Papers
Topics
Authors
Recent
2000 character limit reached

Google Speech Commands v2 Corpus

Updated 11 November 2025
  • Google Speech Commands v2 is a large-scale dataset for limited-vocabulary speech recognition that comprises 105,829 utterances and diverse acoustic conditions.
  • It features rigorous data collection, quality control, standardized splits, and balanced classes including core commands, digits, unknown words, and background noise.
  • The corpus supports multiple feature extraction methods like MFCCs and spectrograms and provides baseline evaluations for both closed-set and streaming tasks.

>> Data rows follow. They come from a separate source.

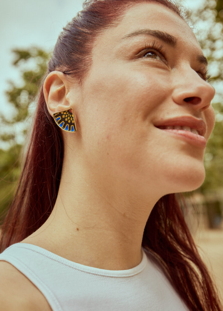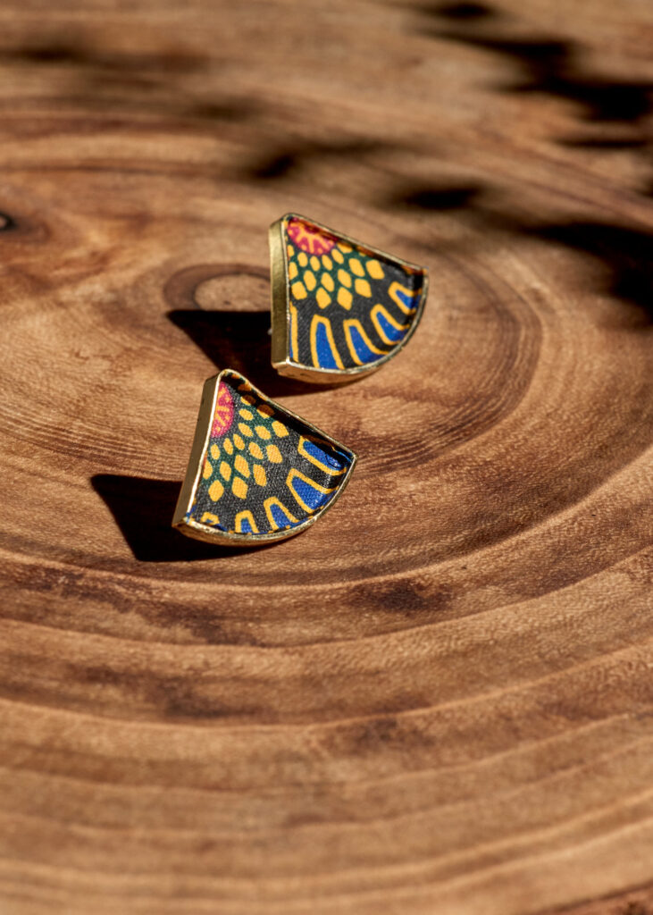 Pendientes de diseño contemporáneo artesanal, de latón reciclado en acabado dorado y tela wax (africana). Pendientes triangulares en acabado dorado latón pulido. Las telas africanas utilizadas son de material reciclado proveniente de retales, sobrantes de la producción de nuestra ropa.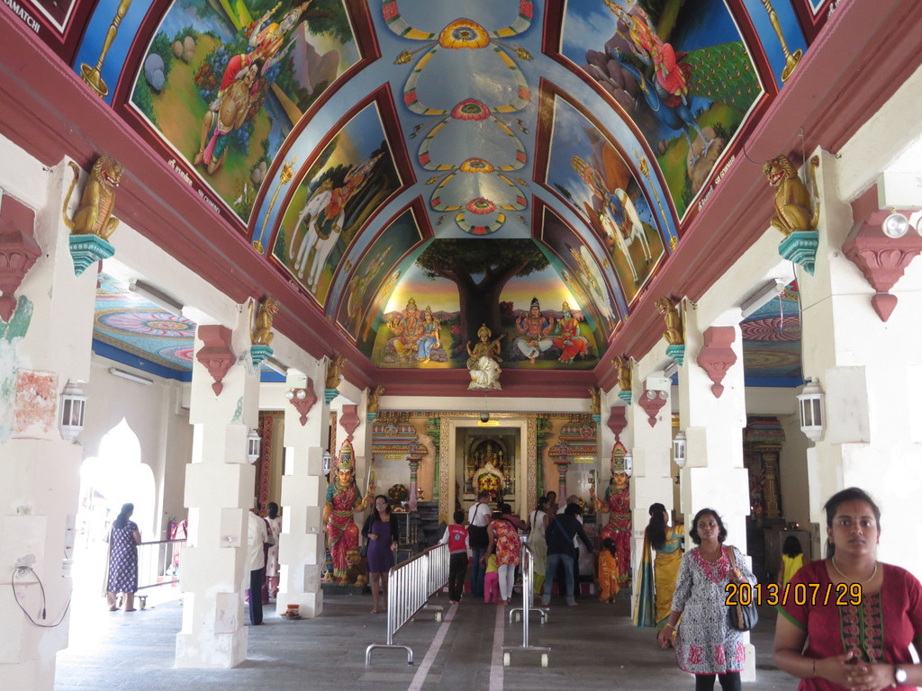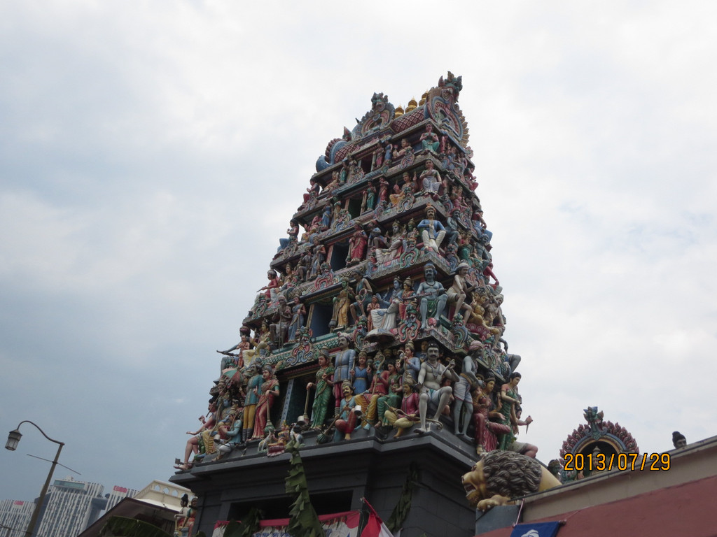 寺庙大门上雕刻着色彩艳丽的印度教诸神、动物、人物等,给牛车水这个华人聚居区增添了一种别样的宗教气氛。而门内的高塔上,有各种神灵和圣兽栩栩如生的雕像,离得很远都能看到。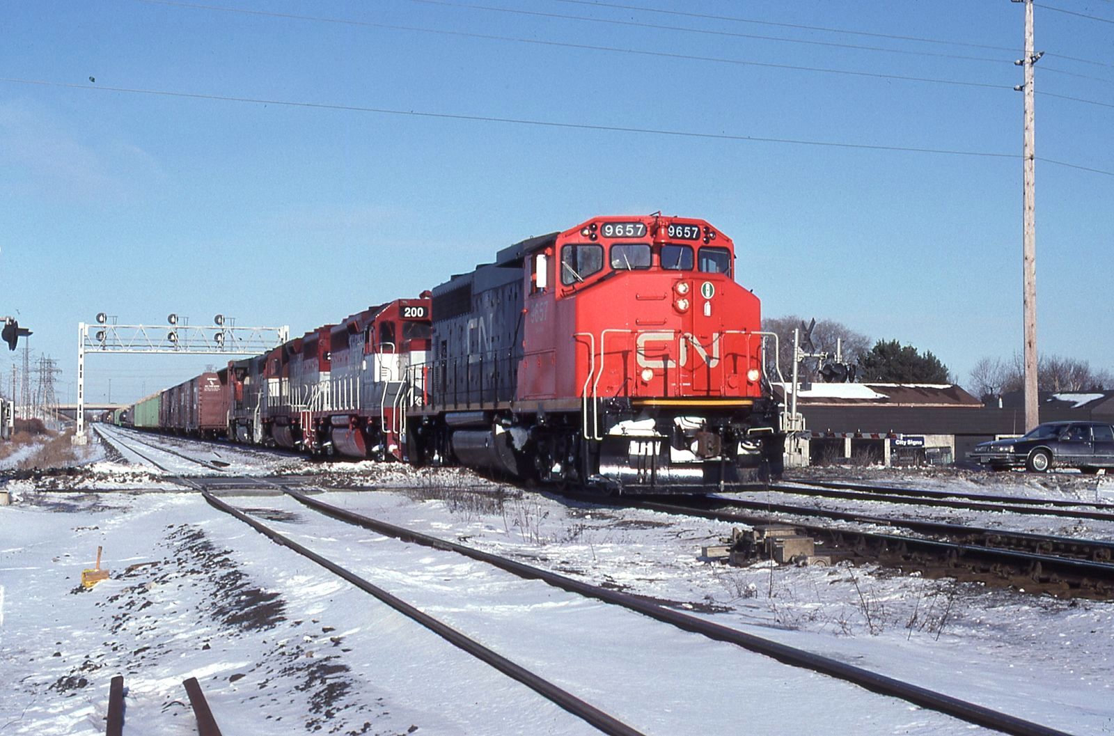 Canadian National GP40-2LW # 9567 action @ Aldershot Ontario 2/27/1994

The Google Speech Commands version 2 (GSC v2) corpus is a large-scale, publicly available dataset designed for training and evaluation of limited-vocabulary speech recognition and keyword spotting systems. Originating from the work of Warden (2018), GSC v2 defines rigorous protocols for data collection, speaker diversity, annotation, data splits, feature extraction, and baseline evaluation to facilitate reproducible and comparable research in command word recognition and robust deployment in real-world, noisy environments.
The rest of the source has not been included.